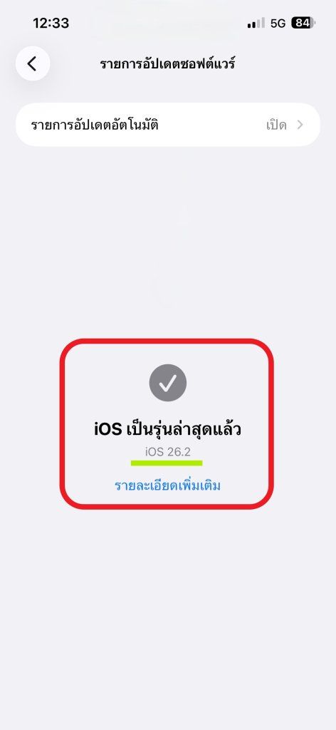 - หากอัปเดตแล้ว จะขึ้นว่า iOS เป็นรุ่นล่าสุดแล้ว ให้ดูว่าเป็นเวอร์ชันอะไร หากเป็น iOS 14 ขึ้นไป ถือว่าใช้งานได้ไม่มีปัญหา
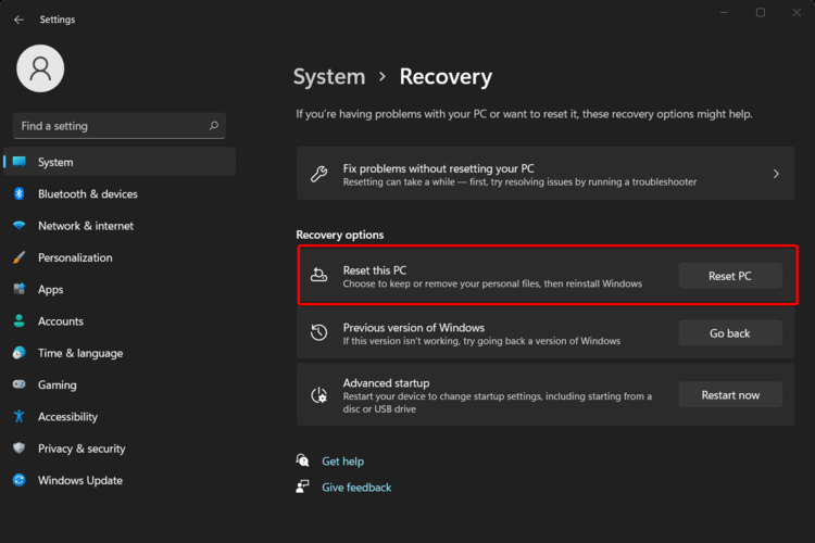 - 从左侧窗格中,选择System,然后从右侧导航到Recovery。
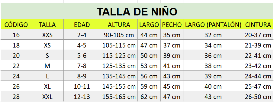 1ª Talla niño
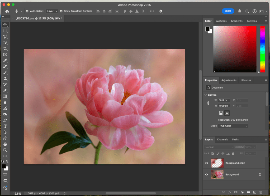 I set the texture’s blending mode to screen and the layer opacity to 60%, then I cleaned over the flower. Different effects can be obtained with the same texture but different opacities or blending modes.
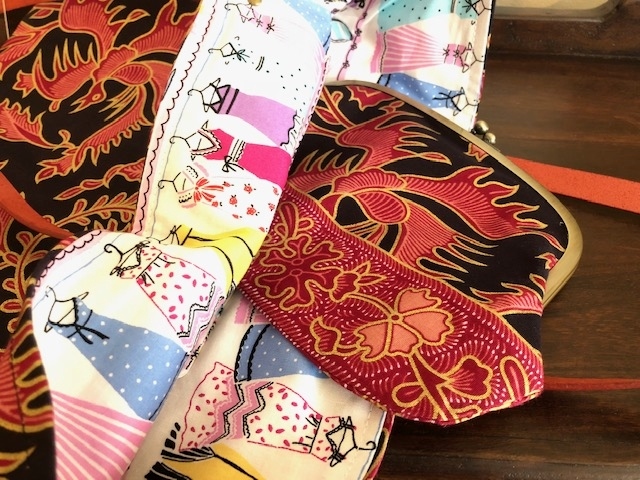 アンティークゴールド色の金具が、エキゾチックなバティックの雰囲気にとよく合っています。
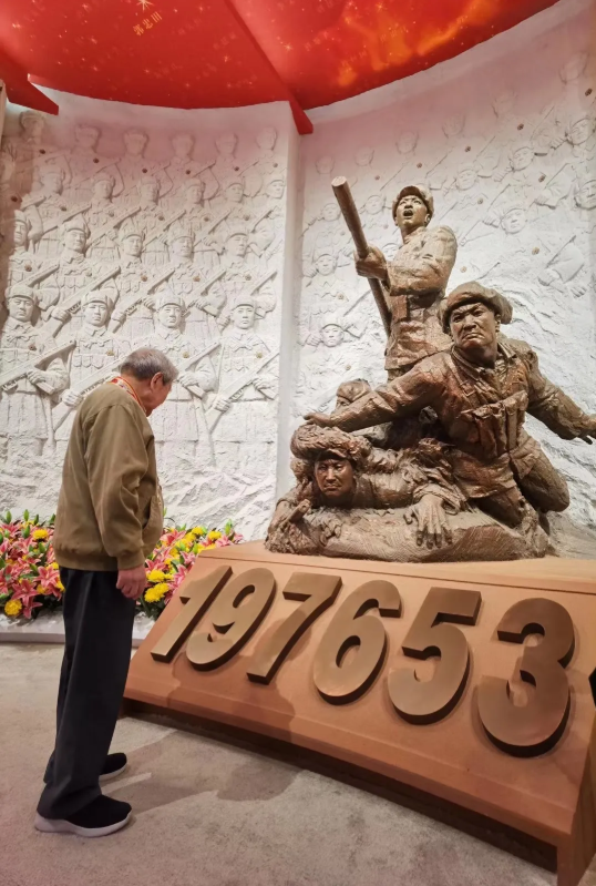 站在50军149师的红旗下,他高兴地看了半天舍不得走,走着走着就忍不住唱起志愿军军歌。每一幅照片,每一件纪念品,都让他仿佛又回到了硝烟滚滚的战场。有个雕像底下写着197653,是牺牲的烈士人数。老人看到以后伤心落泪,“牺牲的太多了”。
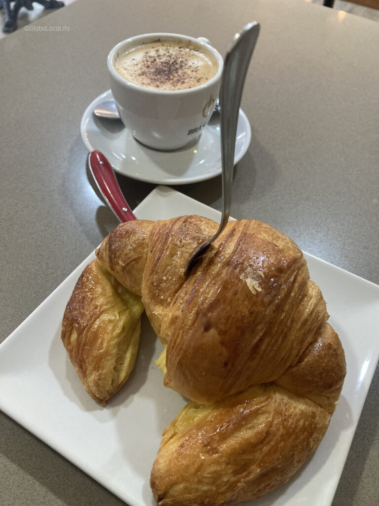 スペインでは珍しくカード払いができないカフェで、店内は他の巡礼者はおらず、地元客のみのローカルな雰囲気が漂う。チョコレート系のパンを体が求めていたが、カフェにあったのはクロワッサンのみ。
--
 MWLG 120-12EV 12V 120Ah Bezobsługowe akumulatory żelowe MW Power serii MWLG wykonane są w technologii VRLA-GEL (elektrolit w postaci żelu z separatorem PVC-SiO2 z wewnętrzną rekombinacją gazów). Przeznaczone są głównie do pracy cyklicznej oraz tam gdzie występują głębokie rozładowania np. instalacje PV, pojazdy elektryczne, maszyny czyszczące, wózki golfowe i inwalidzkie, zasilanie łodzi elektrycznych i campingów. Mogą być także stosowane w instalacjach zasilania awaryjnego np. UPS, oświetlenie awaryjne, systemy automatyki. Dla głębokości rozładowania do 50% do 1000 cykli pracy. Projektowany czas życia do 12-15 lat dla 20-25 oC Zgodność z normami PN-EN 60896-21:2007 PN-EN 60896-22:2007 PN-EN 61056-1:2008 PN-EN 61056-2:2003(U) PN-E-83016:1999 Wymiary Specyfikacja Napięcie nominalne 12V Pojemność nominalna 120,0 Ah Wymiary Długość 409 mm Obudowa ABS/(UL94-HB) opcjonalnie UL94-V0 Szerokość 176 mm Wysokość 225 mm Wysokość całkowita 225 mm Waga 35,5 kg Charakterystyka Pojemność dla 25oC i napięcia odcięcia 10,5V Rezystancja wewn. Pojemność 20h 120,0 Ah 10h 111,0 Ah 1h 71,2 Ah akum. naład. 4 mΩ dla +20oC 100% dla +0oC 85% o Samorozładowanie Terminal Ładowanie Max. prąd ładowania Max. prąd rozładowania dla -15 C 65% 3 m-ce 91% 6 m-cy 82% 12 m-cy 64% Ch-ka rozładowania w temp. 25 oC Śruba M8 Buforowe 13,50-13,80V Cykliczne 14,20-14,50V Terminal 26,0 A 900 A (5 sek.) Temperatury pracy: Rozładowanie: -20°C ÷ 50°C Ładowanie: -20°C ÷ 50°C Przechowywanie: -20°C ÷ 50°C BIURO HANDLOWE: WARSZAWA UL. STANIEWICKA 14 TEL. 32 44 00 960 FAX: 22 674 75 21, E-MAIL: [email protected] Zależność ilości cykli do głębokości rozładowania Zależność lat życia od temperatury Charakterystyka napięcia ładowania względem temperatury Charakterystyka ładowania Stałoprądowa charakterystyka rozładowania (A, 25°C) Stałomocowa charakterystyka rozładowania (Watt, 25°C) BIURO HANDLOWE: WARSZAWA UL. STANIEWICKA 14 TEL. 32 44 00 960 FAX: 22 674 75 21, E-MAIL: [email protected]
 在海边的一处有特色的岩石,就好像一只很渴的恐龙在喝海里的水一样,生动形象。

> _Your instructions_
Your copy should hold the lines from the one with "- หากอัปเดตแล้ว จะขึ้นว่า" up to and including the one with "スペインでは珍しくカード払い", exactly as in the data above, and no pictures.

> _Finished exercise_
 - หากอัปเดตแล้ว จะขึ้นว่า iOS เป็นรุ่นล่าสุดแล้ว ให้ดูว่าเป็นเวอร์ชันอะไร หากเป็น iOS 14 ขึ้นไป ถือว่าใช้งานได้ไม่มีปัญหา
 - 从左侧窗格中,选择System,然后从右侧导航到Recovery。
 1ª Talla niño
 I set the texture’s blending mode to screen and the layer opacity to 60%, then I cleaned over the flower. Different effects can be obtained with the same texture but different opacities or blending modes.
 アンティークゴールド色の金具が、エキゾチックなバティックの雰囲気にとよく合っています。
 站在50军149师的红旗下,他高兴地看了半天舍不得走,走着走着就忍不住唱起志愿军军歌。每一幅照片,每一件纪念品,都让他仿佛又回到了硝烟滚滚的战场。有个雕像底下写着197653,是牺牲的烈士人数。老人看到以后伤心落泪,“牺牲的太多了”。
 スペインでは珍しくカード払いができないカフェで、店内は他の巡礼者はおらず、地元客のみのローカルな雰囲気が漂う。チョコレート系のパンを体が求めていたが、カフェにあったのはクロワッサンのみ。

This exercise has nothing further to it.